The European edition of the Design Miami/ fair opens this week with a diverse range of high-end collectibles

Sou Fujimoto's *Forest of Books* at the Design Miami/ booth of Galerie Philippe Gravier.
Photo: Courtesy of Galerie Philippe Gravier
A dazzling 1948 Hindu necklace by Suzanne Belperron comprising sapphires, emeralds, and rubies. Photo: courtesy of Siegelson

The European edition of the Design Miami/ fair returns to Switzerland this week, running alongside Art Basel in the Messe Basel exhibition center. For its twelfth iteration, fifty galleries from eleven countries are participating, offering a range of high-end collectibles—from lighting and furniture to contemporary decorative pieces.

This year’s lineup proves to be remarkably diverse, including Art Deco treasures at Monaco’s Robert Zehil, to precious jewelry from New York dealer Lee Siegelson, and modern pieces like François Bauchet’s sand, resin, and concrete furniture at Galerie Kreo.

Here we share some highlights.

Thom Browne curates the Design at Large section 

Visitors to this year’s Design at Large area, a program designed to present contemporary design in a new light, are faced with a curious grid of 100 desks. It is the concept of celebrated fashion designer Thom Browne (the first time a fashion designer has directed the exhibition). With creations spanning the last century, the mix includes iconic desks by Charles and Ray Eames, Charlotte Perriand, Pucci De Rossi, and a particularly striking design by Ron Arad. Adding to the display, Browne enlisted a group of female art and design students to perform a choreographed sequence at the tables.

Thom Browne’s dramatic installation.

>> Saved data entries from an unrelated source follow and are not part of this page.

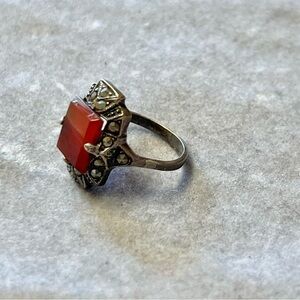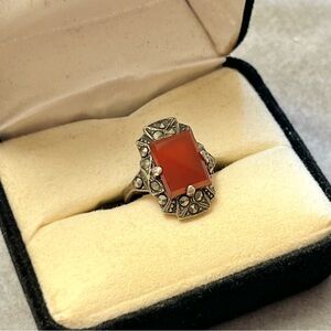 Vintage sterling silver ring in size 5 with a gorgeous carnelian stone surrounded by marcasite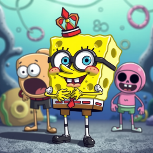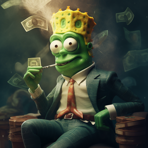 gangster spongebob in a green suit smoking a cigar with money poking out of his suit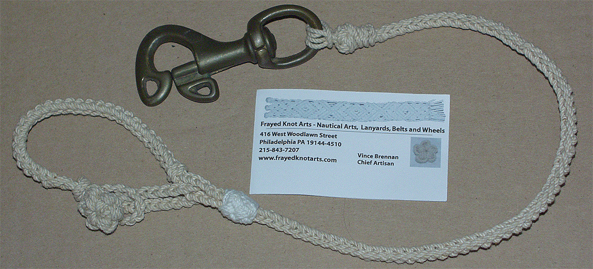 I also make knife lanyards along the lines of the Boatswain's Lanyards, except with a clip or thimble/shackle instead of the "call loop"

Photo: Courtesy of Thom Browne

Art, fashion, and design mingle at Design Curio 

One of the most exciting sections is Design Curio, now in its fourth year. Drawing on the idea of a traditional cabinet of curiosities, the exhibition features themed groupings of objects by artists and designers working across disciplines. The eclectic New York–based jeweler Suzanne Syz, for example, invited L.A. artist Alex Israel to create a series of jewelry pieces, as well as the booth itself (complete with frozen-yogurt machine and vintage furniture). Dutch design duo Scholten & Baikings, meanwhile, teamed up with architect Sano Fumikho, and kimono-designer Takashashi Hiroki, to produce a contemporary porcelain collection using ancient Japanese ceramic techniques.

The new Arita tableware collection features abstract patterns of traditional motifs.

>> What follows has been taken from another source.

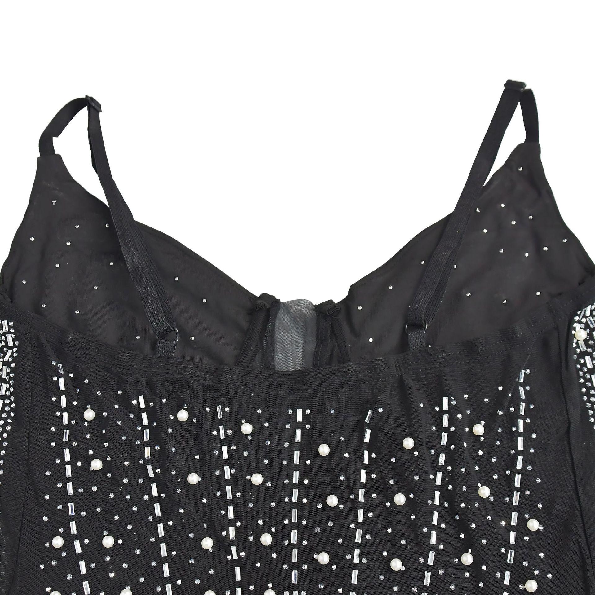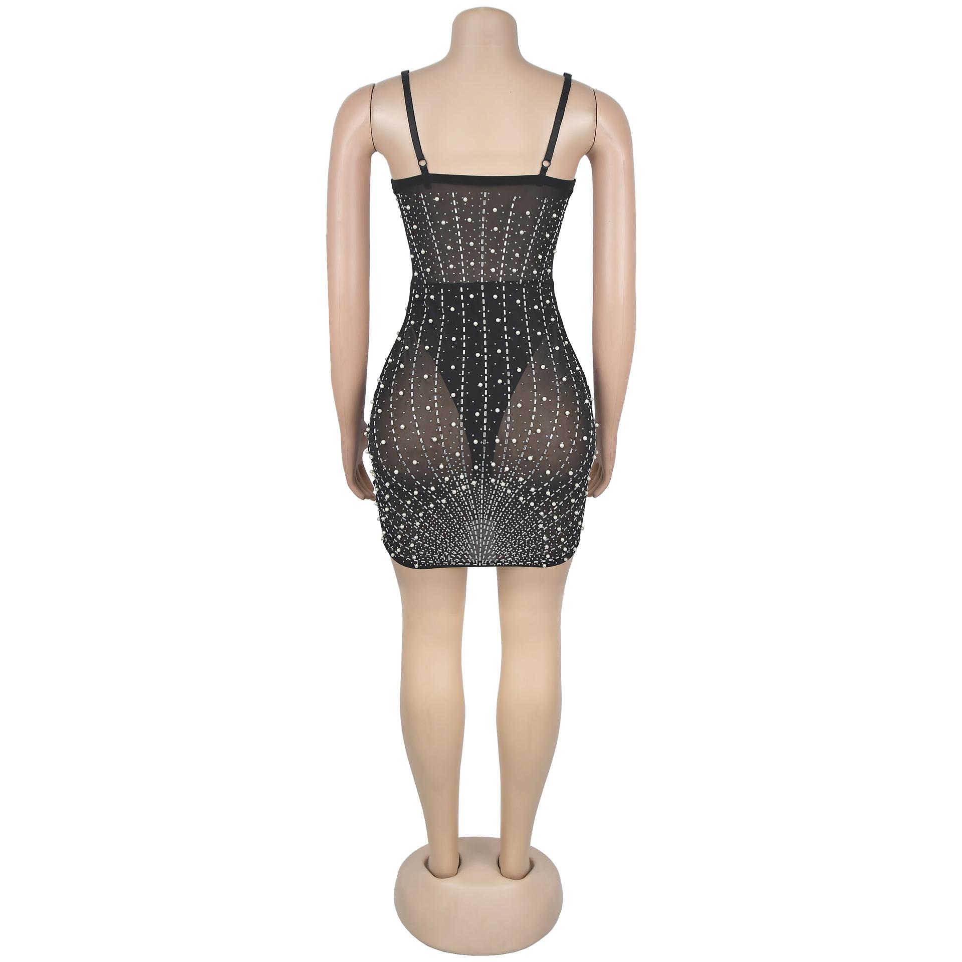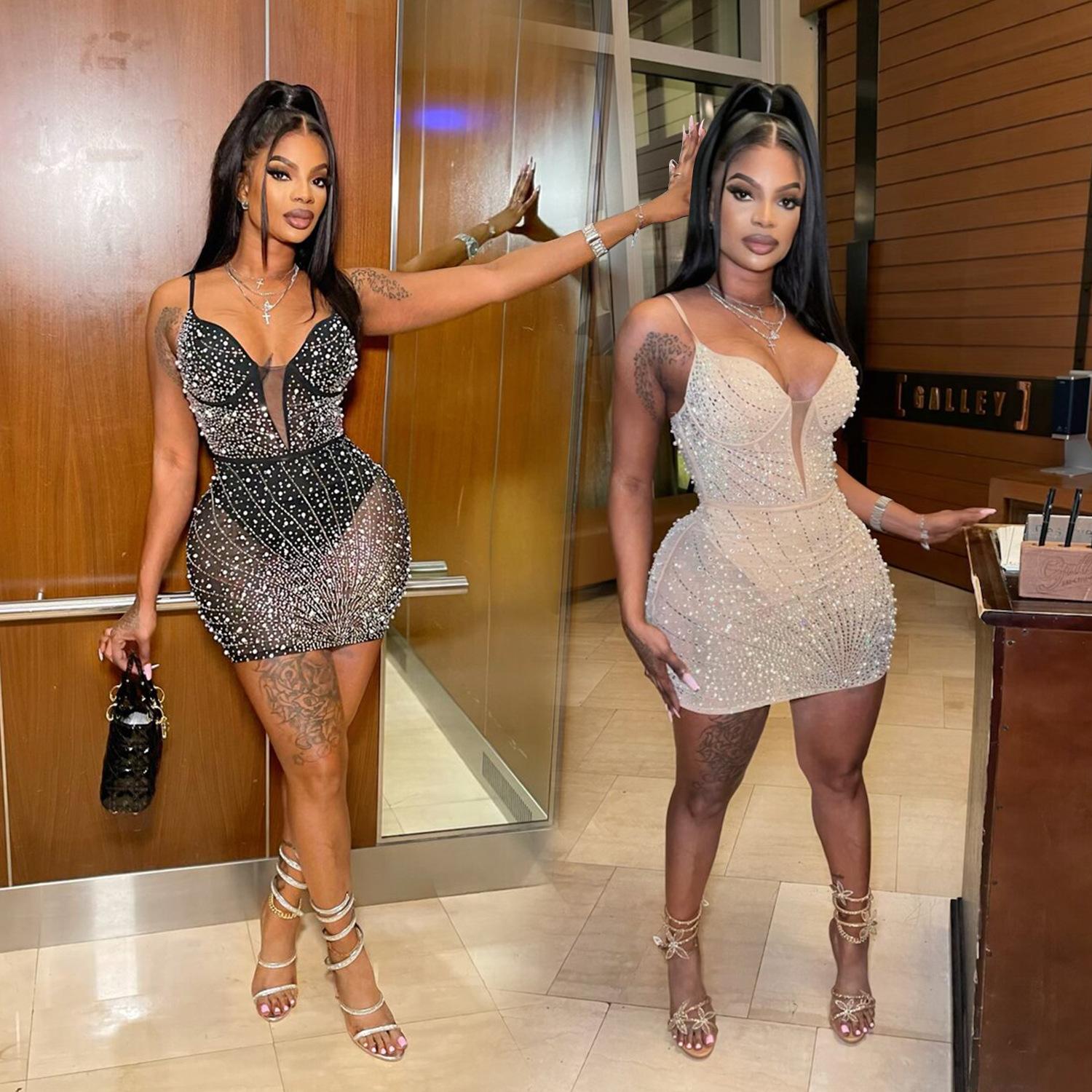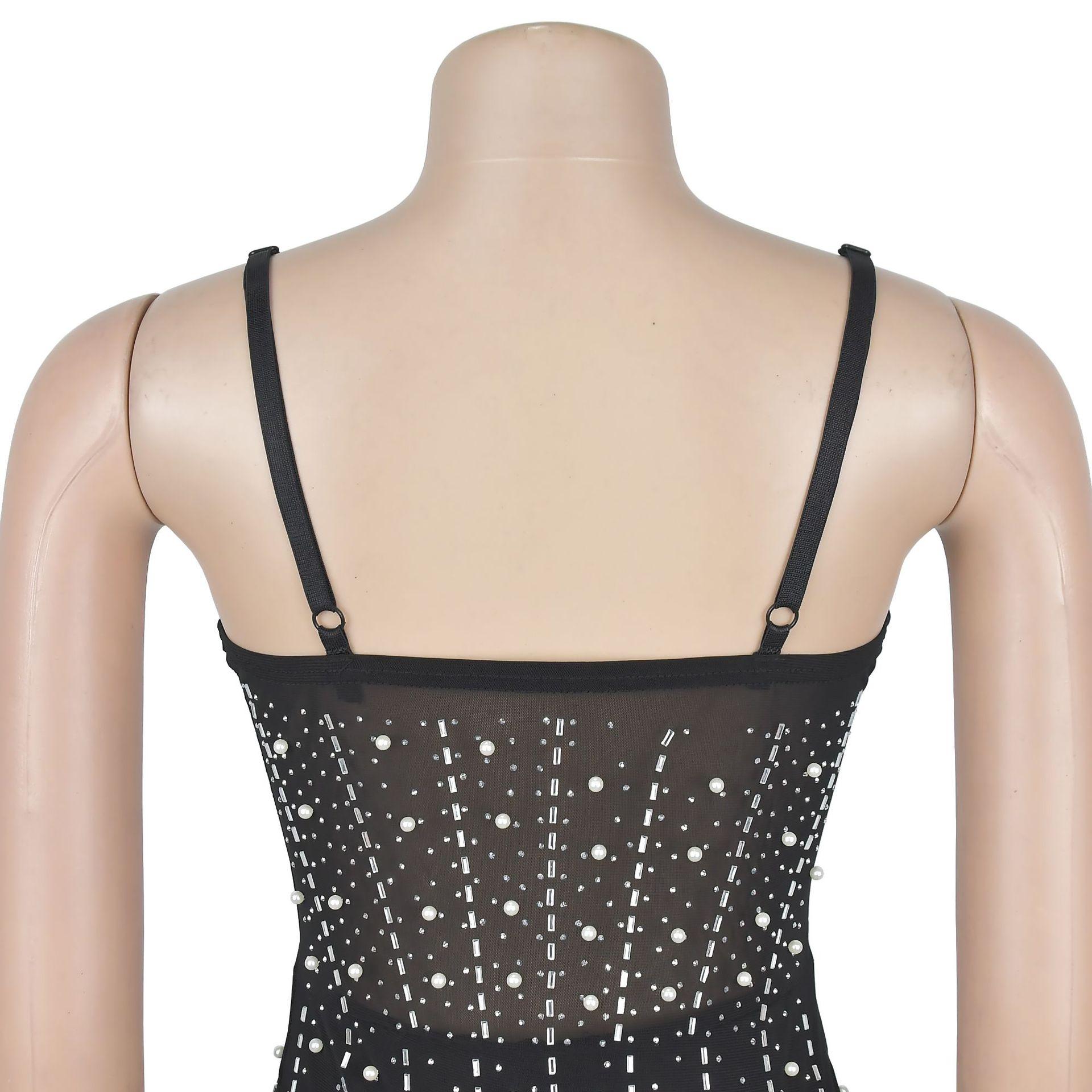 C6602 Aliexpress Amazon Moda Europea y Americana para Mujer Color Puro Diamantes de Imitación Malla Sin Mangas Tirantes Falda Vestido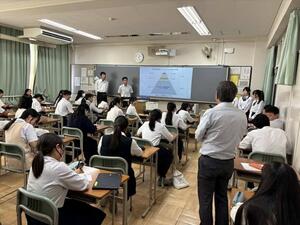 一人じゃなくてみんな(グループ)でいろんな資料を集めて、社会に貢献できるようなテーマを考えて、知恵を絞って研究をする...それがCSⅡの授業です。自主自立とか協働とか...まさに三国丘高校の風(校風)を感じられる取組と言えます。CSⅡのグループは各教科毎に分かれます。例えば、生物3班の研究テーマは「ドクターフィッシュの色彩と行動の相関」。この研究を突き詰めていく過程で、もしかしたら生物分野に深い関心を示す生徒が出てくるかもしれません。もっと先のことを考えれば、大学で生物学を研究し、何十年か先にはノーベル賞を受賞しているかもしれないと思うのです。荒唐無稽だと笑うかもしれませんが、夢とはそんなものです。だけど、夢があるから頑張れると思うのです。CSⅡは夢を感じることができる貴重な機会です。最後は、伝統です。CSⅡ中間発表の日は、毎年、たくさんの先輩たち(大学院生)が助言に来てくれます。後輩たちのために専門的な知見をもってアドバイスしてくれる姿は、伝統のなせる業です。時に厳しい意見や指導もありますが、それも伝統に裏打ちされた愛です。

Ettore Sottsass’s rare early works at Friedman Benda 

This year, several galleries dedicated their booth to a single designer. Noteworthy is New York’s Friedman Benda, which celebrates the centennial anniversary of Italian postwar designer Ettore Sottsass with a beautiful display of his rare early works, some of which have never been up for sale before. The monolithic 1964 Cabinet, for example, hasn’t been seen since it was displayed in Milan in 1965. Another highlight, Hanging Lamp, 1957, designed for the Italian lighting manufacturer Arredoluce, was last shown to the public at an L.A. exhibition in 2006.

A grouping of rare Ettore Sottsass cabinets at Friedman Benda’s booth.

Crystal gets technical at Designers of the Future 

The winners of the third installment of the Swarovski initiative (announced in April 2017) include the Los Angeles–based architect Jimenez Lai, London-based designer Marjan van Aubel, and Japanese multidisciplinary studio TAKT PROJECT. Each spent months working on a new design inspired or informed by crystal, responding to a brief of “Shaping Societies.”

Left: TAKT PROJECT uses 3D-printed crystals to make these tabletop objects. Right: Van Aubel’s Future Cyanometer uses Swarovski crystals and sunlight to power a blue light.